Different types of property – commercial, offices, shops, hotels, apartments, houses and land etc.– can outperform each other over time. For example, vacant land will provide no rental income but may appreciate more quickly if purchased in an area with limited supply. Some property types offer higher rental yields, but it is important that you do your homework as often these properties provide lower capital growth opportunities.

It is also important that your property suits the demographics of tenants in the area. For example, if it is near a university more bedrooms will be in greater demand than a big garden for children to run around. A family home that is close to schools and parks on a quiet street will be more desirable than a property on a busy road.

7. Cash flow is king

Investing in property is a proven path to long-term wealth, however you should consider it as a medium to longer term type of investment. Therefore you will want to make sure that you can afford to maintain your loan repayments over the long term. You will not want to have to sell your investment property until you can sell it profitably. In case you were to encounter some financial stress, this could force you to offload the property at the wrong time.

Once you own an investment property it can be quite inexpensive to keep it and service the loan, if you earn rent and get a tax deduction on many of the expenses associated with owning the property and remember that over time rents tend to increase as does your own income – so expect things to get easier over time.
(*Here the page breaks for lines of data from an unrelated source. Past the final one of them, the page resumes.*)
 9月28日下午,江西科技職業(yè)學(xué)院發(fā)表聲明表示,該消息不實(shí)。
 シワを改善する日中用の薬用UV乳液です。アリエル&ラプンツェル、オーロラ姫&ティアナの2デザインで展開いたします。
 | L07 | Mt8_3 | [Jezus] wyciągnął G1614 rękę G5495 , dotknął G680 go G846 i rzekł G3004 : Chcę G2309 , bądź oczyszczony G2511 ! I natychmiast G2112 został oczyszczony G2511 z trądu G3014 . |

8. Understand the market and the dynamics

Consider what other properties are available in the immediate area of interest and speak to as many locals and estate agents as you can – they’ll let you know if one side of a street is considered superior to the other. It is always good to let competing agents know that you are looking at other similar properties to see what they say; it is a good trick to get inside information. Make sure you do the leg work and consult professionals you can trust. Get independent information on average rents, property values, demographics and other relevant reports.

It is also a good idea to find out what changes may be happening in the area that are of interest to you. The local council can often help here. For example, a major construction next to your property could make it harder to find a tenant at the right price or a planned by-pass may mean traffic will be reduced and this may increase the value of your property quicker than expected.

9. Pick the right loan

There are many options when it comes to financing your investment property, so get sound advice for this as it can make a big difference to your financial well-being.
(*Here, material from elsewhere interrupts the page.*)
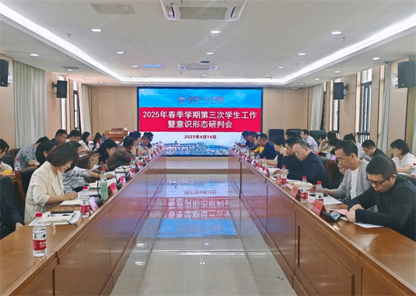 4月14日上午,beat3652025年春季学期第三次学生工作暨意识形态研判会在百熙楼414会议室召开,校党委委员、副校长蒋蓉出席,学生工作部部长周大庆主持会议。

Interest on an investment property loan is generally tax deductible, but some borrowing costs are not immediately deductible and knowing the difference can count. Structuring your loan correctly is critical and this should be done with the help of a trusted financial advisor.

Whether you choose a fixed rate loan or a variable rate loan will depend on your circumstances, but consider both options carefully before you decide. Over time variable rates have proven to be cheaper, but selecting a fixed rate loan at the right time can really pay off. Remember that rates usually rise in line with property prices; so increasing interest rates are not always bad news for property investors, as they have more than likely had a win on the capital gains front.

10. Take a long-term view and manage your risks

Remember that property is a long-term investment and you should not rely on property prices rising straight away. The longer you can afford to commit to a property, the better and as you build up equity then you can consider purchasing a second investment property – try not to get too greedy and find the right balance between financial stability and still being able to enjoy life. Financial security is very important, but life is not just about mathematics.